**Exercise:** Please reproduce the listing verbatim, without its images.

**Information supplied:**

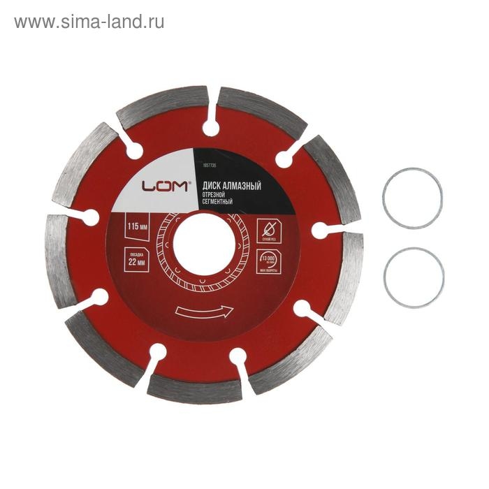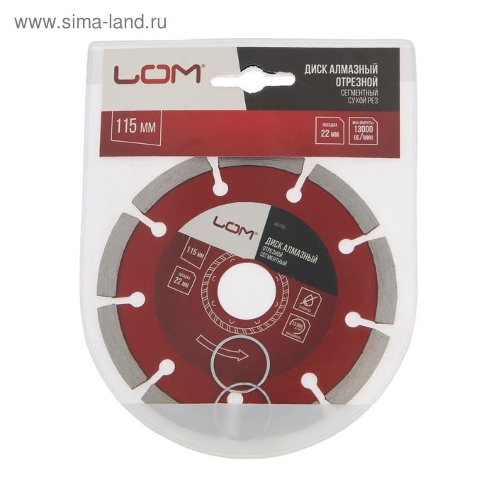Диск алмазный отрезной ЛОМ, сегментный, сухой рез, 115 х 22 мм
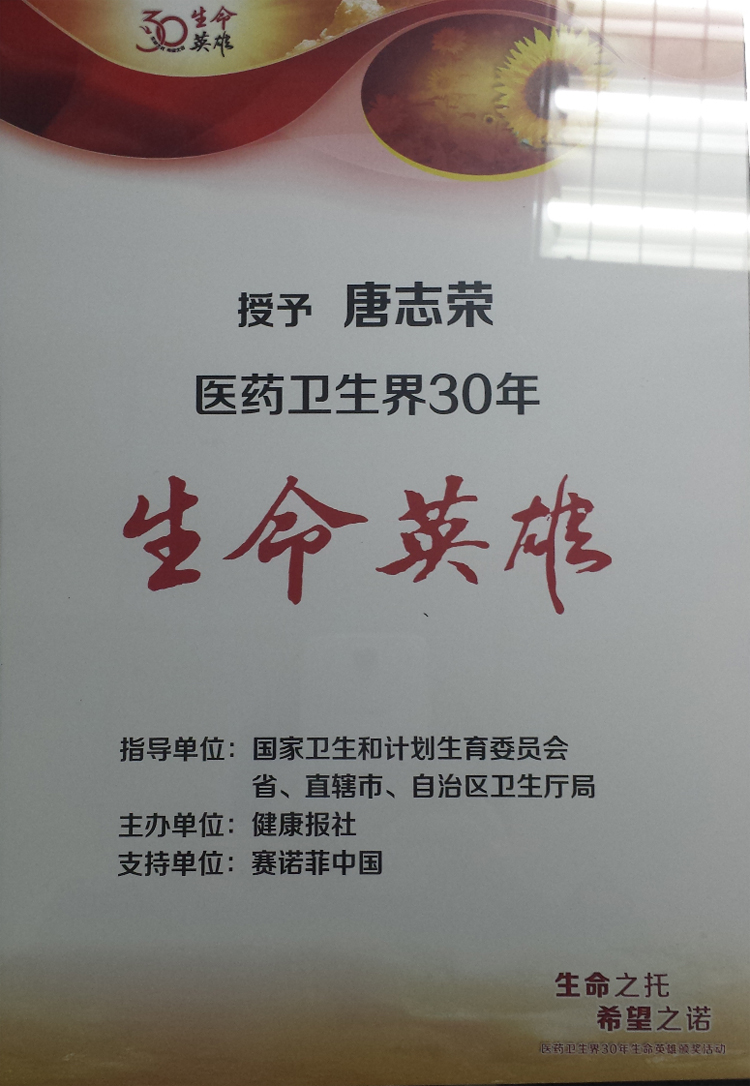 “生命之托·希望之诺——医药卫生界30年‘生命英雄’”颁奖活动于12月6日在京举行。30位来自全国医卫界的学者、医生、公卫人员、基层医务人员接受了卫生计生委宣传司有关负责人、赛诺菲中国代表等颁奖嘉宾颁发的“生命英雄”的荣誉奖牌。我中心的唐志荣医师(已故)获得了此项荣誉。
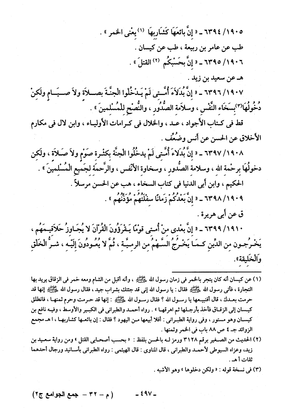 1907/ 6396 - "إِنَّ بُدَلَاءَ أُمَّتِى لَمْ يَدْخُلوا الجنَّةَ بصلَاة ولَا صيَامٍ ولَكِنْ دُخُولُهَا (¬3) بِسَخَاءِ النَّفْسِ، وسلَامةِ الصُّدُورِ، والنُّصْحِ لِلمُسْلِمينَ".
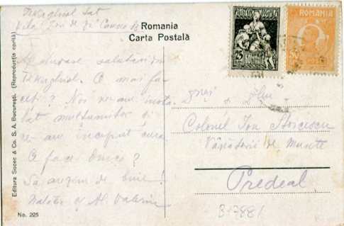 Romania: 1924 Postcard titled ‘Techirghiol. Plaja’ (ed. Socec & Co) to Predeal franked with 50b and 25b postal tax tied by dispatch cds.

**Response:**
Диск алмазный отрезной ЛОМ, сегментный, сухой рез, 115 х 22 мм
 “生命之托·希望之诺——医药卫生界30年‘生命英雄’”颁奖活动于12月6日在京举行。30位来自全国医卫界的学者、医生、公卫人员、基层医务人员接受了卫生计生委宣传司有关负责人、赛诺菲中国代表等颁奖嘉宾颁发的“生命英雄”的荣誉奖牌。我中心的唐志荣医师(已故)获得了此项荣誉。
 1907/ 6396 - "إِنَّ بُدَلَاءَ أُمَّتِى لَمْ يَدْخُلوا الجنَّةَ بصلَاة ولَا صيَامٍ ولَكِنْ دُخُولُهَا (¬3) بِسَخَاءِ النَّفْسِ، وسلَامةِ الصُّدُورِ، والنُّصْحِ لِلمُسْلِمينَ".
 Romania: 1924 Postcard titled ‘Techirghiol. Plaja’ (ed. Socec & Co) to Predeal franked with 50b and 25b postal tax tied by dispatch cds.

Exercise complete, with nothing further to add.